Très bonne comédie avec un Larry David très drôle, un jeu un peu à la manière d’un Woody Allen. Physicien de renom, manquant de peu le prix Nobel, il se retrouve à héberger une fille qui ne lui ressemble en rien. J’apprécie beaucoup les passages ou David parle directement aux spectateurs.Whatever Works Larry David Woody Allen

You will meet a tall dark stranger (2010) : 11/20. Titre français : Vous allez rencontrer un bel et sombre inconnu. Avec Naomi Watts, Antonio Banderas et Anthony Hopkins.

De loin le film que j’ai le moins apprécié. Un changement de vie pour plusieurs personnes, des couples qui se brisent… un effet un peu routine dans les films de Woody Allen, peut-être que ça a pesé sur mon sentiment vis-à-vis de ce film. Une attention particulière à la vie de l’écrivain, effrayé par l’échec, manquant de confiance en soi.

Midnight in Paris (2011) : 12/20. Titre français : Minuit à Paris. Avec Owen Wilson et Marion Cotillard.

Mwé. On m’en avait fait une bonne pub, je n’ai pas vraiment accroché. Je ne suis pas un grand fan du casting, le scénario est peut-être trop fantastique pour moi. La vie du Paris des années 1920, les artistes & Cie peuvent faire rêver une partie des New Yorkais fascinés par cette vision romantique et romanesque de la capitale, pas moi. Nommé à l’Oscar du meilleur film.

Bon Woody est un peu dans une période européenne. Après Londres, Barcelone et Paris, le prochain film sera sur Rome : To Rome with love, attendu pour cette année.

To Rome with love (2012) : 14/20. Avec Roberto Begnini, Penelope Cruz, Woody Allen et Ellen Page.

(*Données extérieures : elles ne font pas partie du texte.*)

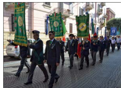
Parte della Sfilata
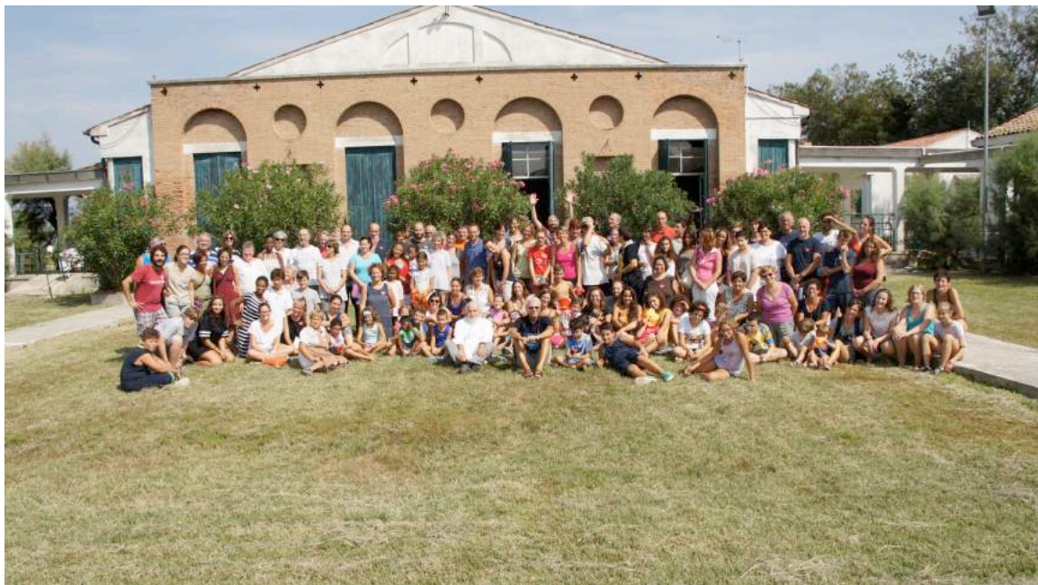
Foto di gruppo partecipanti Laboratorio Cittadini Accoglienti 2016

Della Carta di Cà Roman e del tema della continuità parleremo, in modo un po' più approfondito, nel prossimo capitolo.
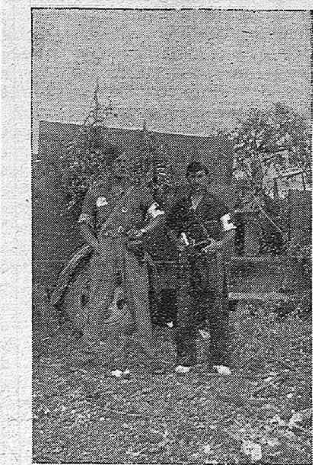
Dos milicianos sanitarios posan ante el fotógrafo en un descanso de las operaciones

Hoy ha habido en España sangrientos combates en el frente de San Sebastián. Las fuerzas nacionales han colocado los puestos de ametralladoras en las alturas próximas a esta población y allí esperan que se rinda de buen grado. De lo contrario se procederá a la ocupación por la fuerza, aunque se cree que habrá poca resistencia.
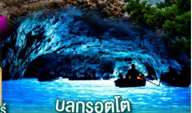
บลูกรอตโต

พิเศษ!! ล่องเรือไฮโดรฟอยล์สู่เกาะคาปรี่ ชมบลูกรอตโต และดินแดน 5 หมู่บ้านชิงเกวแตรี่เร่
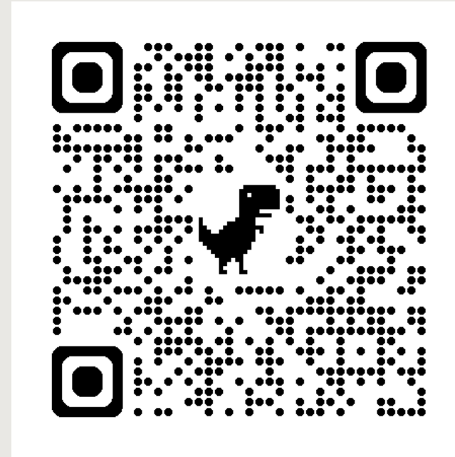
Guía de vivienda para nuevos estudiantes
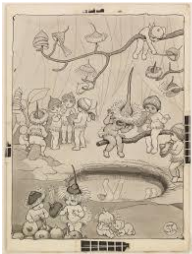
Рис. 5. Буш-магазин капелюхів

малюнку їх не можна знайти, адже вони знаходяться у іншій частині магазину ( You can't see them in the picture – they are in another part of the shop ). У наведеному контексті реалізується візуальний наративний прийом «розширення простору», що по-перше, деталізує та унаочнює явища, про які заявлено у текстовому фрагменті (shop), а по-друге, відкриває простір для уяви читача. Наратор наче створює лише половину картинки, а другу його частину пропонує відтворити у своїй уяві читачеві.
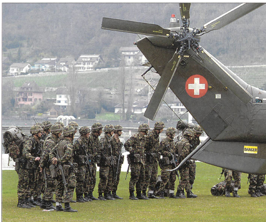
Zum Wiederholungskurs künftig ins Ausland?

Wie ein WK im Ausland aussehen würde, skizziert das VBS wie folgt: «Es werden zuerst einige Tage Vorbereitungszeit in der Schweiz zur Aktualisierung der taktischen, organisatorischen und technischen Kenntnisse des WK-Pflichtigen notwendig sein. Anschliessend wird die Verlegung auf den ausländischen Übungsplatz, die Angewöhnung an die Topografie, an das Klima und an die Einrichtungen weitere Tage benöti-
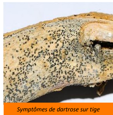
Symptômes de dartoise sur tige
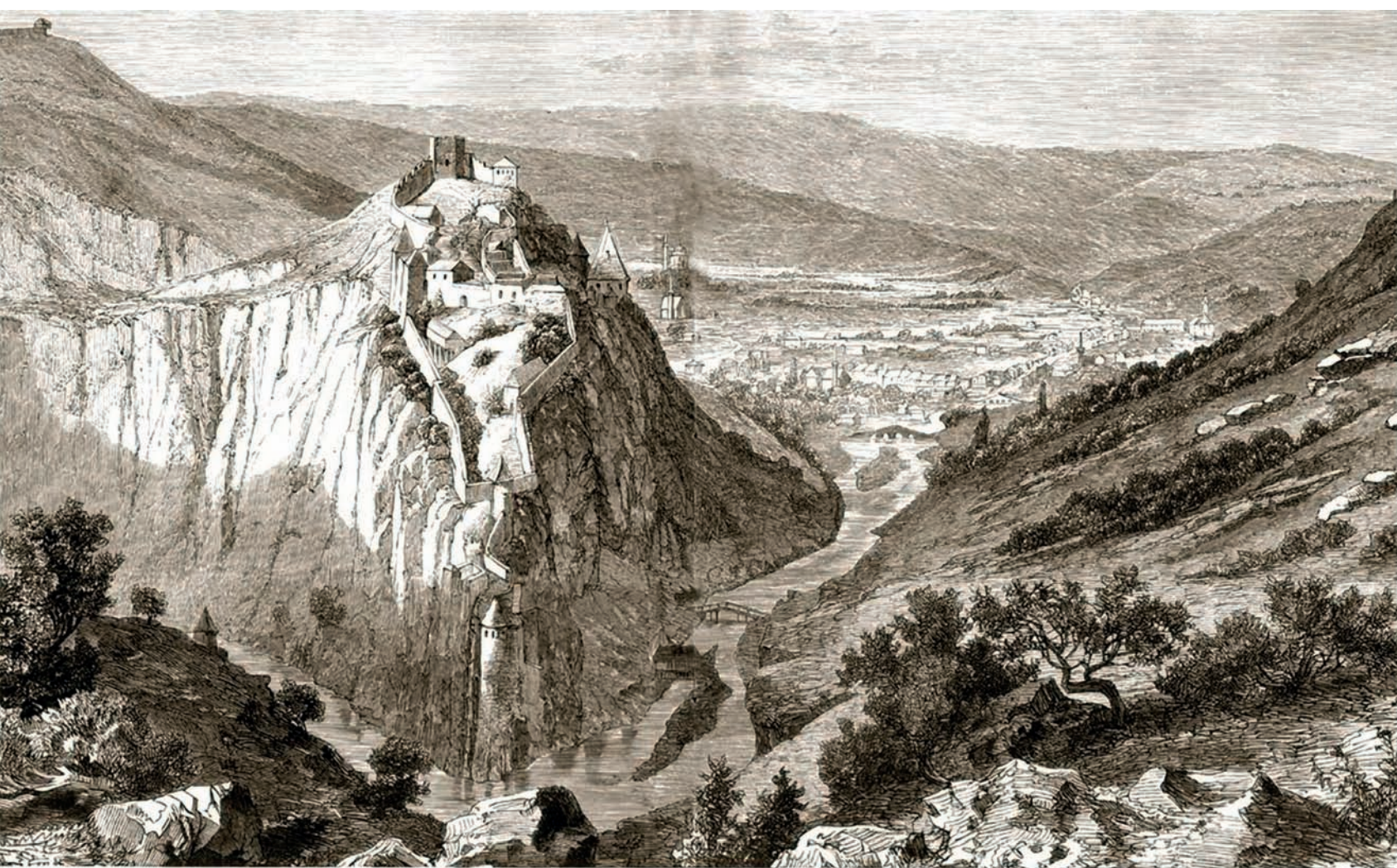
UZIČE VOR SEINER ZERSTÖRUNG. (1862.)
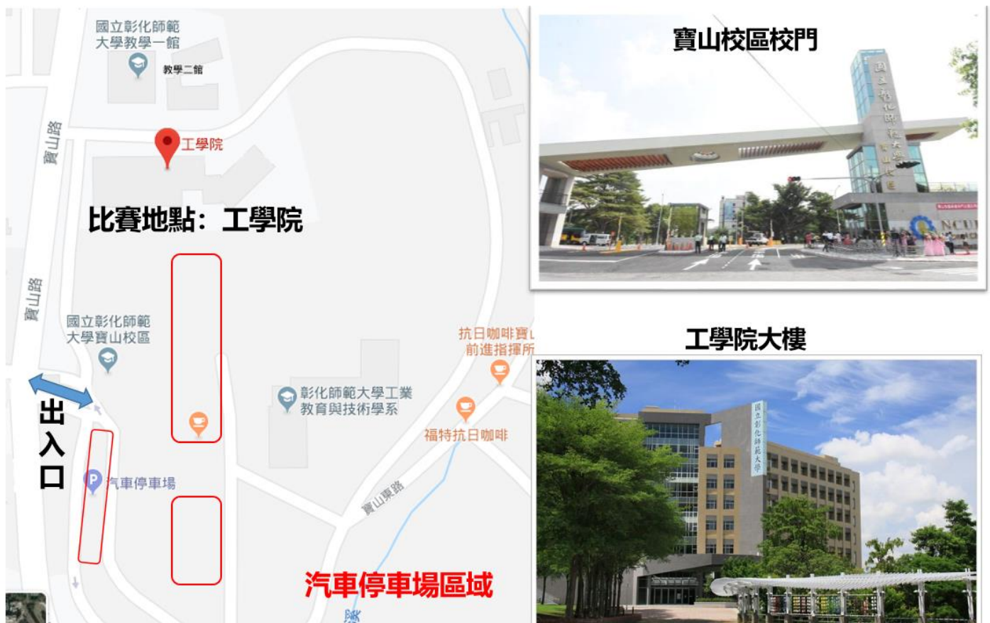
圖 6. 國立彰化師範大學寶山校區及停車場位置

Plutôt mal-aimé, ce film complète la trilogie européenne de Allen (avec Vicky Cristina Barcelona et Midnight in Paris). Autant je n'avais pas trop aimé le film parisien, autant j'ai apprécié le romain. L'humour est rafraîchissant. La douche est fantastique, et le personnage joué par Begnini, connu et reconnu sans raison, m'a fait penser aux stars de la télé-réalité. Alors certes, il y a toujours quelques longueurs romantiques chères à Woody. Mais ça reste un bon film.

Blue Jasmine (2013) : 15/20. Avec Cate Blanchett, Sally Hawkins, Alec Baldwin.

Jasmine était mariée à Hal, riche homme d'affaire. Sa vie semblait parfaite, seule sa pauvre sœur troublant un peu sa vie lors d'une visite à New York. Mais Hal est un escroc adultère. S'en suit une longue descente aux enfers.
Ce drame vaut notamment pour le jeu de Cate Blanchett, en lice pour l'oscar de la meilleure actrice. Elle semble possédée par son personnage et joue cette pauvre femme détruite d'une façon admirable. Le film est très sombre, offre une critique acerbe des classes sociales, et les petites notes d'humour traditionnelles des films de Woody Allen sont cette fois totalement absentes.
A ne pas manquer dans la filmographie déjà très conséquente du réalisateur.Blue Jasmine woody Allen Kate Blanchett Sally Hawkins

Magic in the Moonlight (2014) : 7,5/20. Avec Colin Firth, Emma Stones.

 

Stanley Crawford, célèbre magicien anglais, est appelé à la rescousse par un vieil ami : une femme semble avoir de véritable don et il ne peut déchiffrer son secret. Stanley accepte la mission et tente de démasquer la duperie.

 

Non, vraiment pas. Je suis forcément peu crédule à ce genre de chose, et j'ai vu arriver la fin gros comme une maison. L'histoire d'amour est tellement évidente. Pas grand chose à retirer de ce film. Je n'ai pas accroché.

 

Un homme irrationnel (2015) : 14/20. Avec Joaquim Phoenix et Emma Stones.

 

Abe est un professeur de philosophie désabusé par la vie. Jill est une jeune étudiante. Elle lui donne une raison de vivre.... tuer un juge !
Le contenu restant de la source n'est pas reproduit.